DNA-functionalization gold nanoparticles based fluorescence sensor for sensitive detection of Hg2+ in aqueous solution

• The sensor was optimized with the modification of the “helper” oligonucleotides.
• The sensor shows high selectivity for Hg2+ in the presence of other metal ions.
• The limit of detection is as low as 8 nmol l−1.
• The sensor was successfully employed to determine Hg2+ in tap water samples.

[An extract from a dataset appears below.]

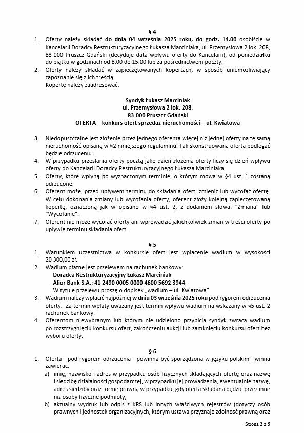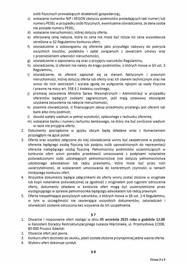 2 Oferty należy składać do dnia 04 września 2025 roku, do godz. 14.00 osobiście w Kancelarii Doradcy Restrukturyzacyjnego Łukasza Marciniaka, ul. Przemysłowa 2 lok. 208,

We have developed a sensitive, selective, and simple fluorescence spectrometric sensor for Hg2+ detection in aqueous solution by using thiol-DNA-functionalized gold nanoparticles (Au NPs). This sensor is based on the Hg2+-induced conformational change of single-stranded DNA (ssDNA) with an enhanced fluorescence resonance energy transfer (FRET) process between the energy donor (fluorescein, FAM) and the energy acceptor (Au NPs). In the presence of Hg2+, a formation of a hairpin structure for ssDNA originates from thymine-Hg2+-thymine (T-Hg2+-T) coordination, resulting in notable fluorescence quenching in comparison to the random coil. In order to improve the stability and sensitivity of the sensor, we adopt short “helper” oligonucleotides to increase the density of DNA on the surface of Au NPs. The assay enables the detection limit for the detection of Hg2+ is 8 nM, and is extremely specific for Hg2+ even in the presence of high concentrations of other metal ions. Toward the goal for practical applications, this sensor was applied to monitor Hg2+ in tap water samples and showed low matrix interference and high sensitivity.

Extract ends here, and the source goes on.